- _Task description_: Starting at the first line of the data, print every line up to and including the one with "The image shows", but no pictures.

- _Dataset records_:
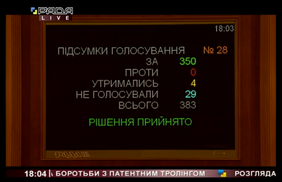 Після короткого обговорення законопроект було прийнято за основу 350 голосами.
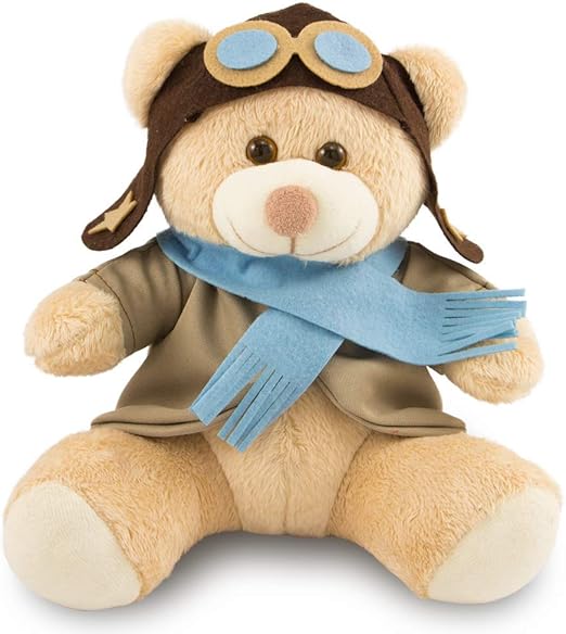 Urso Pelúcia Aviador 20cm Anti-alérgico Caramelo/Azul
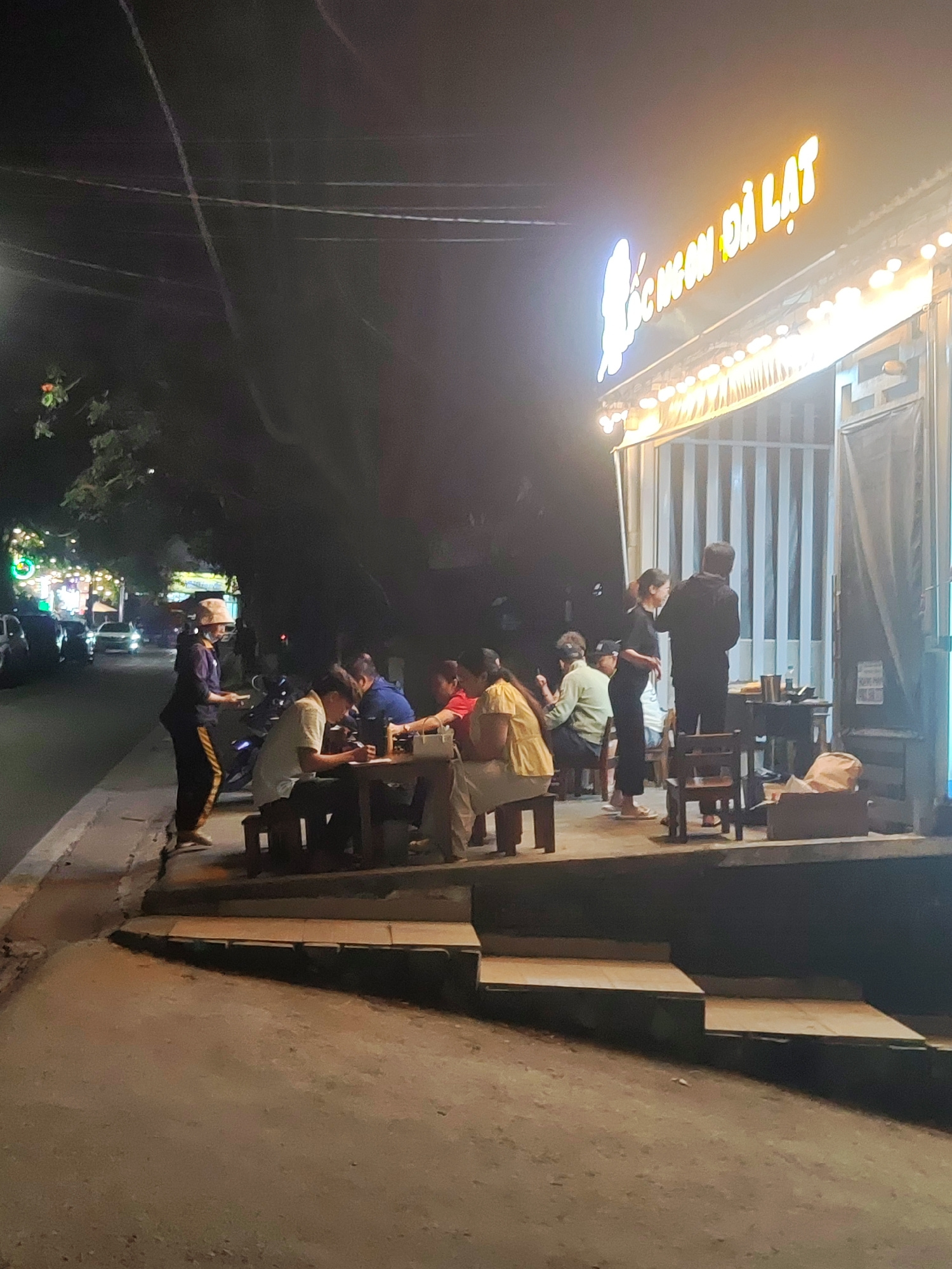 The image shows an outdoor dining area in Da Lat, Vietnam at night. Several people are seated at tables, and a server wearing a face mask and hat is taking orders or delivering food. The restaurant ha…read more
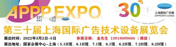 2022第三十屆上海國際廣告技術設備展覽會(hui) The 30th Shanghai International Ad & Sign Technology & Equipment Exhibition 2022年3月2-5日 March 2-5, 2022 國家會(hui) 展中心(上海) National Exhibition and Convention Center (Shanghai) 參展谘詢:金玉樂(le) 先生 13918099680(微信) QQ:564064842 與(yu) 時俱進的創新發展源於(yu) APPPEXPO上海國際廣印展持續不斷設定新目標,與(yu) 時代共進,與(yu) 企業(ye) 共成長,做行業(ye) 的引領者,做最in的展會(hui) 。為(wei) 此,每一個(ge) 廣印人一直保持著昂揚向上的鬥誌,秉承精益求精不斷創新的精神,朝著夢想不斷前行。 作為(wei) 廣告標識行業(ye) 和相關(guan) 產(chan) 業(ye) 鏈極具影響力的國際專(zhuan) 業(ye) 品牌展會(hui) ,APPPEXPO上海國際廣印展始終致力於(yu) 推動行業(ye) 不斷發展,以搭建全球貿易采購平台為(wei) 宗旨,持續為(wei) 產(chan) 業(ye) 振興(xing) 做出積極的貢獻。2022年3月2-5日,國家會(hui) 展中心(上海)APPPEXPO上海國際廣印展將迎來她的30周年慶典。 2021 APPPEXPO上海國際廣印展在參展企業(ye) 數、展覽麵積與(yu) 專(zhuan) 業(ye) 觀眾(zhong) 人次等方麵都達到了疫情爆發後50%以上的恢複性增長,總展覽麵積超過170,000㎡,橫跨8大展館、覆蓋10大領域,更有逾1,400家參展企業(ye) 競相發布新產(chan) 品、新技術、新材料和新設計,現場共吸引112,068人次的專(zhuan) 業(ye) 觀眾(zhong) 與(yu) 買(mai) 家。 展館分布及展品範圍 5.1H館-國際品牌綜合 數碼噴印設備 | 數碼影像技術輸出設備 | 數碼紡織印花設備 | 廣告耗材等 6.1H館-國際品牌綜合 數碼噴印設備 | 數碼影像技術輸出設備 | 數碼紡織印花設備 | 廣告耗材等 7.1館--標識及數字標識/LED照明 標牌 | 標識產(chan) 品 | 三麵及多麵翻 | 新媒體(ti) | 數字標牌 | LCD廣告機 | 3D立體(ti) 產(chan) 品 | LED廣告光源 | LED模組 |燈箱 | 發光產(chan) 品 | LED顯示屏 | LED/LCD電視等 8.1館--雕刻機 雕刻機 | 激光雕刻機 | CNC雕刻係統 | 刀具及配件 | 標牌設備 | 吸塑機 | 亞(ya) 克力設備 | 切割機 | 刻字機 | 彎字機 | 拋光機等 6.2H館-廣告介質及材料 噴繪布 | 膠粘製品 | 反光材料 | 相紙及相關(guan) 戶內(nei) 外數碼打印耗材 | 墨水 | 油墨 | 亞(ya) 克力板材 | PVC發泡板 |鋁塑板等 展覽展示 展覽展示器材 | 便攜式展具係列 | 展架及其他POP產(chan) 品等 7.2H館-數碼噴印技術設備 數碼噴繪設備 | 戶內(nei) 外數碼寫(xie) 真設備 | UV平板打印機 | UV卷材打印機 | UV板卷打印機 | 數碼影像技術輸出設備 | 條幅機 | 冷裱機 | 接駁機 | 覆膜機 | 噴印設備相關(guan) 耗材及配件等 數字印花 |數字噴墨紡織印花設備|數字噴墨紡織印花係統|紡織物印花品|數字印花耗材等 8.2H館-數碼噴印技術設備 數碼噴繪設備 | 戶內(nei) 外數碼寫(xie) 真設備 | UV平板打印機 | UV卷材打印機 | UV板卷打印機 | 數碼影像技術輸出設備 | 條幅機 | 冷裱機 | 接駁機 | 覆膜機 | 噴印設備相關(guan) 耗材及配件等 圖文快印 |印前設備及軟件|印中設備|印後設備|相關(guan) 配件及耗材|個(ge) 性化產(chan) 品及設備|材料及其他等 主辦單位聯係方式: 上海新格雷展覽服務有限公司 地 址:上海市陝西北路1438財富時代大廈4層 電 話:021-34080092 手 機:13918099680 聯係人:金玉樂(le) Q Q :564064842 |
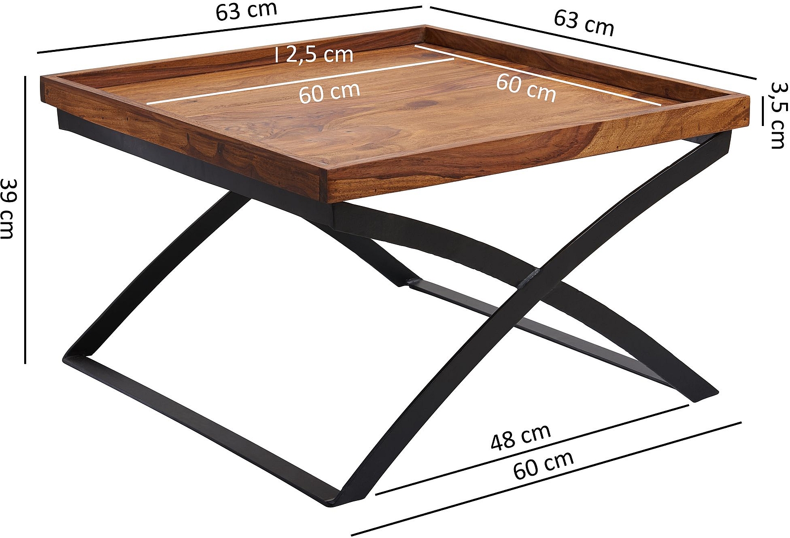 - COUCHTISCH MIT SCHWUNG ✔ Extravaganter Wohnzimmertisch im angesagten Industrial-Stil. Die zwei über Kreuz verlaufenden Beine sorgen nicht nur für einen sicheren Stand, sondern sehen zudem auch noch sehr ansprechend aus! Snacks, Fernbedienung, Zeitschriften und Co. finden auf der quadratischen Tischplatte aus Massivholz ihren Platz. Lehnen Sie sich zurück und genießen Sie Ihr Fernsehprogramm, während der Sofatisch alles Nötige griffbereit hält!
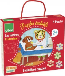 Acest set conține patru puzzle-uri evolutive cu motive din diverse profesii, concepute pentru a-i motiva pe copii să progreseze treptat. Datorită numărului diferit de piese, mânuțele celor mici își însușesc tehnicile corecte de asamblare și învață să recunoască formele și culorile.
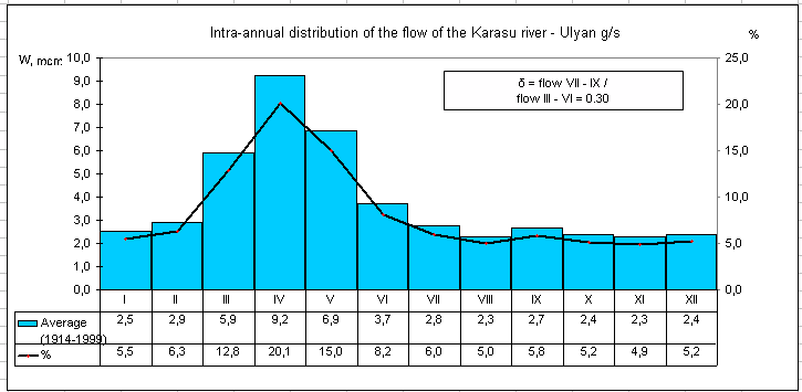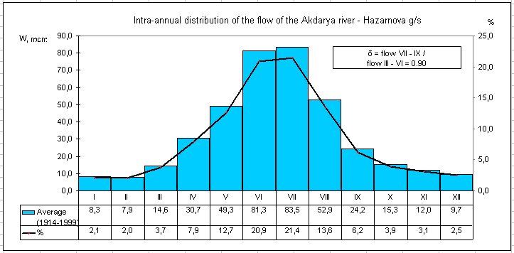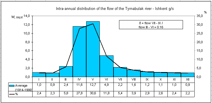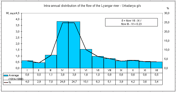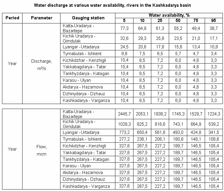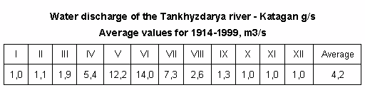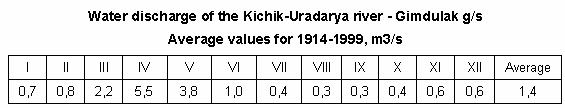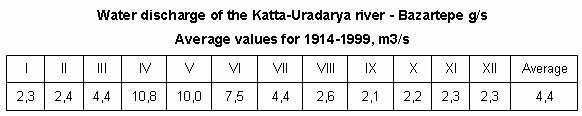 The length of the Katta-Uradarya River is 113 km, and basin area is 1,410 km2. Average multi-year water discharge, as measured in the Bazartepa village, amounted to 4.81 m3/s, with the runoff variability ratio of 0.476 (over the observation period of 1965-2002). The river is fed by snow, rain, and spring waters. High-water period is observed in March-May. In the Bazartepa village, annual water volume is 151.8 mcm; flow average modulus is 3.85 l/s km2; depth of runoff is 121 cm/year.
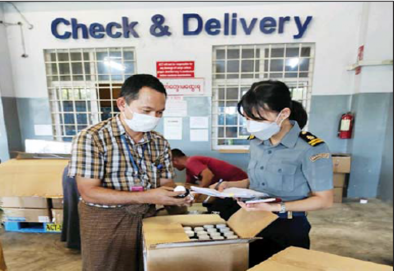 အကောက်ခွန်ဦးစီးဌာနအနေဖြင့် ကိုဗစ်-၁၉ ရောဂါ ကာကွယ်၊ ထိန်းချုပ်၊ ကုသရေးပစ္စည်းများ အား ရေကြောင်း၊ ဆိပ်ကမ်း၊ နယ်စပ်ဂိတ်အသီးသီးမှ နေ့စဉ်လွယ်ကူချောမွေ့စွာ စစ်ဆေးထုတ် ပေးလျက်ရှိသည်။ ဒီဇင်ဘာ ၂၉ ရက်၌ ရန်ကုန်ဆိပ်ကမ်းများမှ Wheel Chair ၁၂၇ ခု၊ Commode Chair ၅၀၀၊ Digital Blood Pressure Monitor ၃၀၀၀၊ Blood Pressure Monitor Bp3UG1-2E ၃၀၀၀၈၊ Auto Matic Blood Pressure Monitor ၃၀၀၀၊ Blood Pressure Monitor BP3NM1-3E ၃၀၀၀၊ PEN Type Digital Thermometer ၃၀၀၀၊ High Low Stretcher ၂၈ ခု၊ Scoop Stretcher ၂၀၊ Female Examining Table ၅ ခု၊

- _Answer to this problem_:
 Після короткого обговорення законопроект було прийнято за основу 350 голосами.
 Urso Pelúcia Aviador 20cm Anti-alérgico Caramelo/Azul
 The image shows an outdoor dining area in Da Lat, Vietnam at night. Several people are seated at tables, and a server wearing a face mask and hat is taking orders or delivering food. The restaurant ha…read more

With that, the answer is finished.